Leave out the pictures and restate the rest of the data exactly.

++++++++++++++++++++

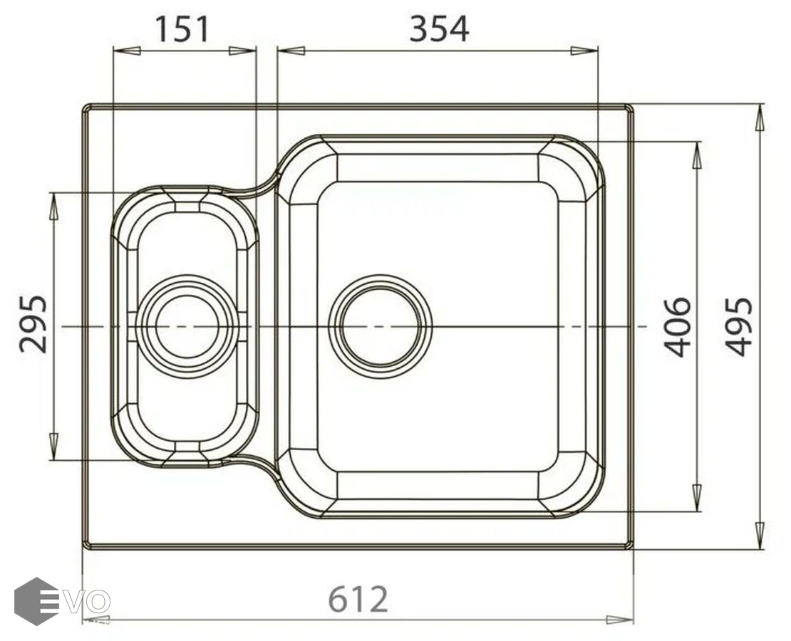 - Длина мойки 61.5 см
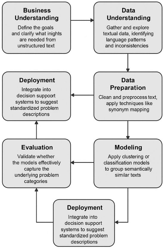 In the context of automating the management of data import errors for technical equipment systems, the CRISP-DM (Cross Industry Standard Process for Data Mining) methodology offers a structured and iterative approach to applying artificial intelligence to a real-world operational challenge. We adapt CRISP-DM for text mining to help standardize the understanding and representation of problems described in natural language by different individuals, see Figure 2. The process involves:
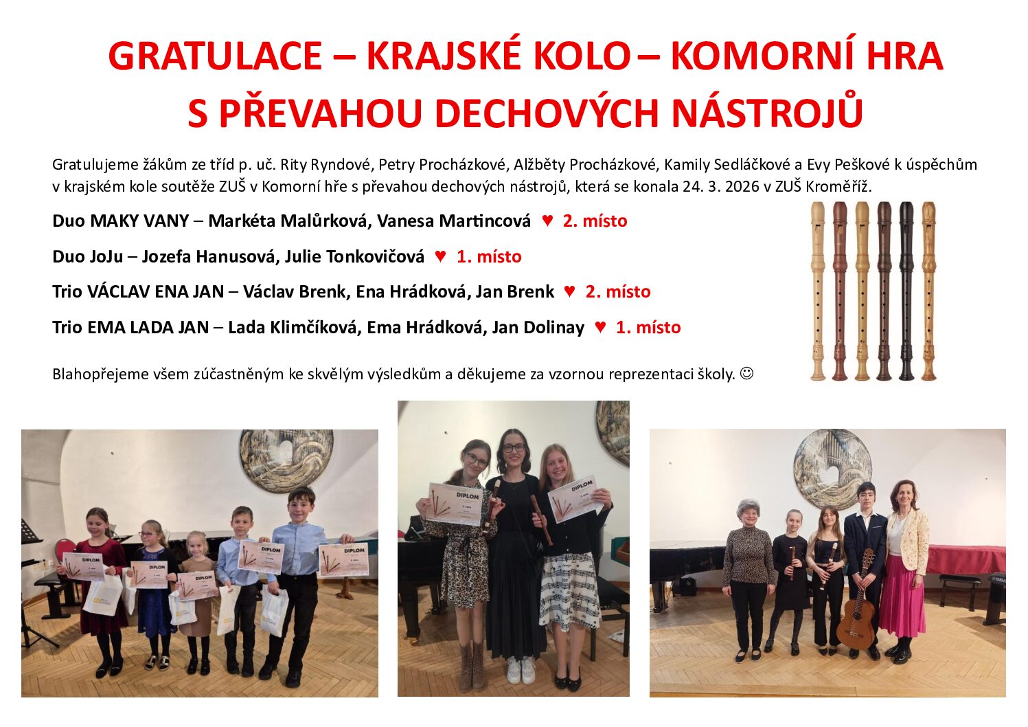 Krajské kolo soutěže ZUŠ – Komorní hra s převahou dechových nástrojů12/04/2026Koncert ke dni maminek12/04/2026 Sdílet
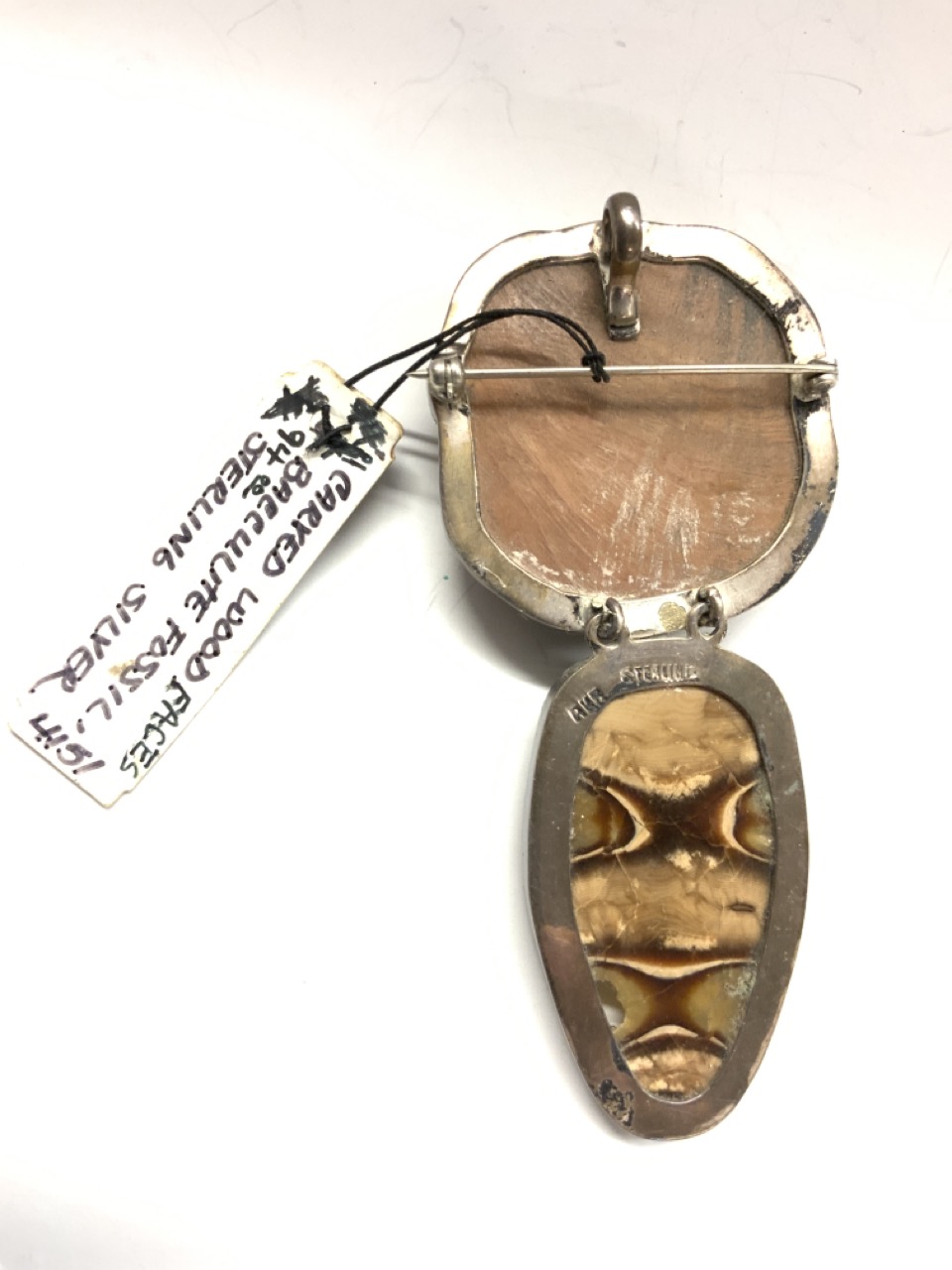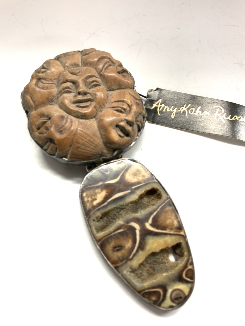 Amy Kahn Russell Artisan sterling silver with carved wood face and fossil brooch or pendant.
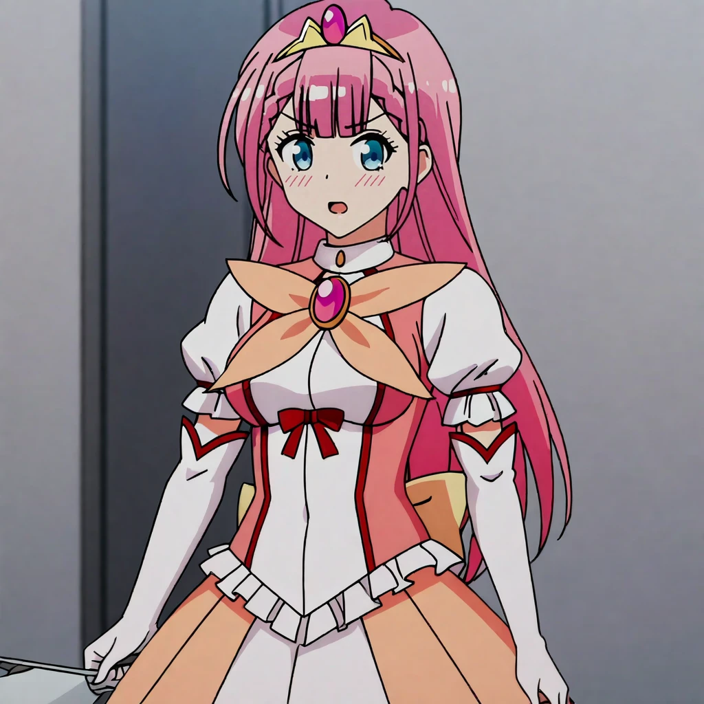 Trigger with magical girl outfit: KirisuMagicalGirl, pink hair, 1girl, elbow gloves, blue eyes, long hair, tiara, skirt, braid, magical girl, dress
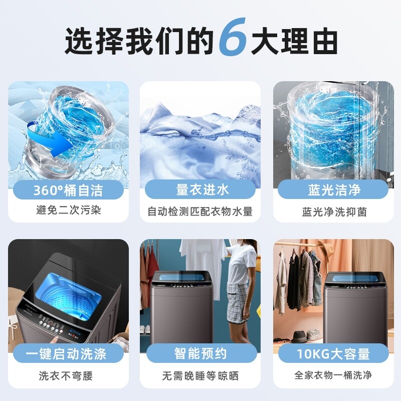 志高洗衣机全自动10/12KG小型波轮大容量租房宿舍洗烘一体家用
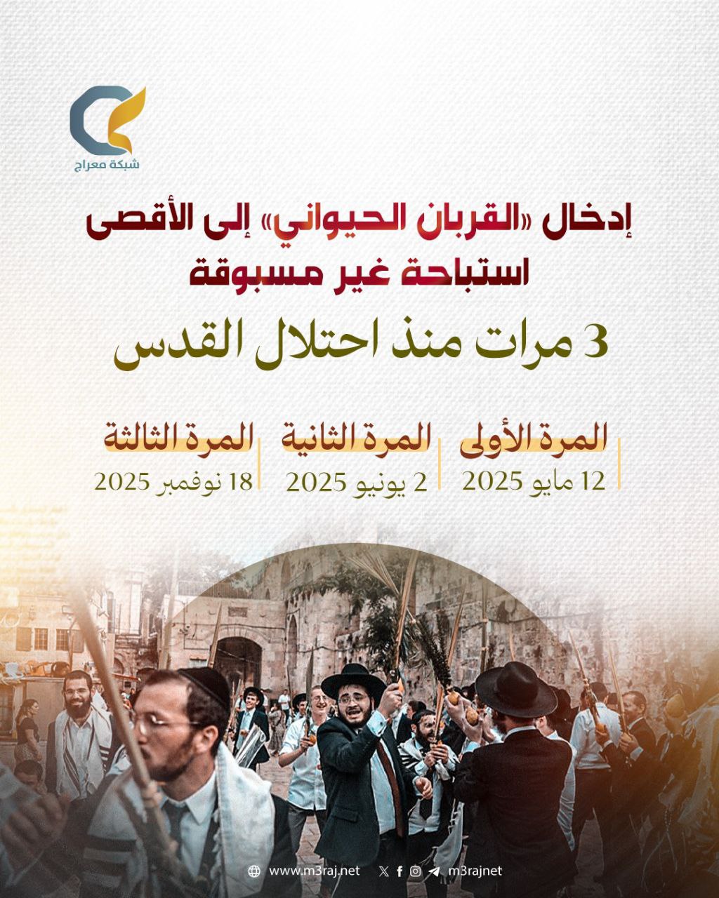 شهد المسجد الأقصى المبارك تصعيدًا خطيرًا، تمثل في محاولات متكررة لإدخال ما يُسمى بـ”القربان الحيواني” إلى باحاته، في استفزاز غير مسبوق لحرمته وقدسيته.
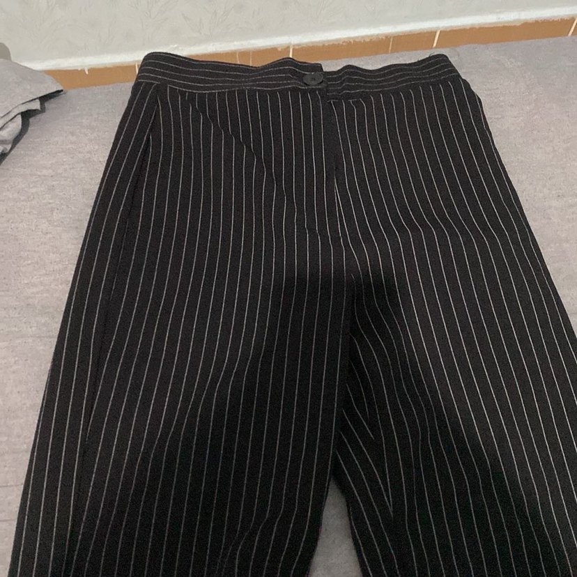 Pilili, çizgili siyah kadın kumaş pantolon, normal boy ve regular fit. Ofis ve günlük şık kombinlere uygun.
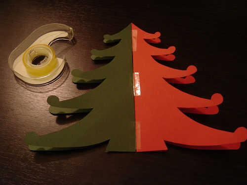 Conecte los papeles del árbol con cinta. Así que, cuando termine y esté listo para conectar, será realmente independiente.
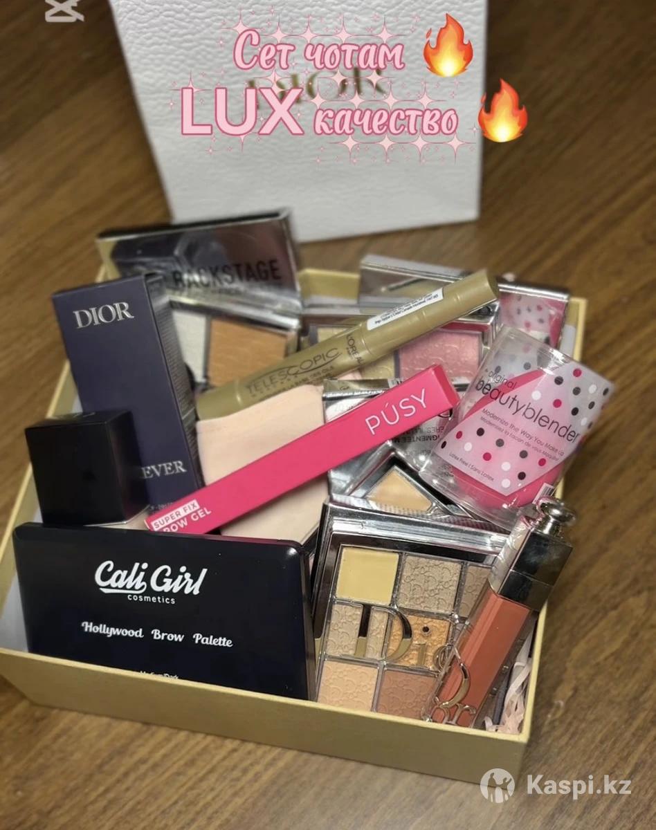 В набор входит: •Хайлайтер (в люксовом дизайне)диор •Румяна (нюдовые оттенки)диор •Блеск для губ диор •Палетка теней для век диор •Тональный крем диор •Гель для бровей пуси •Тушь для ресниц с эффектом объема телескопик •Бронзер гуччи •Спонж для макияжа •Палетка для бровей кали герл

++++++++++++++++++++

Response below:
 - Длина мойки 61.5 см
 In the context of automating the management of data import errors for technical equipment systems, the CRISP-DM (Cross Industry Standard Process for Data Mining) methodology offers a structured and iterative approach to applying artificial intelligence to a real-world operational challenge. We adapt CRISP-DM for text mining to help standardize the understanding and representation of problems described in natural language by different individuals, see Figure 2. The process involves:
 Krajské kolo soutěže ZUŠ – Komorní hra s převahou dechových nástrojů12/04/2026Koncert ke dni maminek12/04/2026 Sdílet
 Amy Kahn Russell Artisan sterling silver with carved wood face and fossil brooch or pendant.
 Trigger with magical girl outfit: KirisuMagicalGirl, pink hair, 1girl, elbow gloves, blue eyes, long hair, tiara, skirt, braid, magical girl, dress
 志高洗衣机全自动10/12KG小型波轮大容量租房宿舍洗烘一体家用
 شهد المسجد الأقصى المبارك تصعيدًا خطيرًا، تمثل في محاولات متكررة لإدخال ما يُسمى بـ”القربان الحيواني” إلى باحاته، في استفزاز غير مسبوق لحرمته وقدسيته.
 Pilili, çizgili siyah kadın kumaş pantolon, normal boy ve regular fit. Ofis ve günlük şık kombinlere uygun.
 Conecte los papeles del árbol con cinta. Así que, cuando termine y esté listo para conectar, será realmente independiente.
 В набор входит: •Хайлайтер (в люксовом дизайне)диор •Румяна (нюдовые оттенки)диор •Блеск для губ диор •Палетка теней для век диор •Тональный крем диор •Гель для бровей пуси •Тушь для ресниц с эффектом объема телескопик •Бронзер гуччи •Спонж для макияжа •Палетка для бровей кали герл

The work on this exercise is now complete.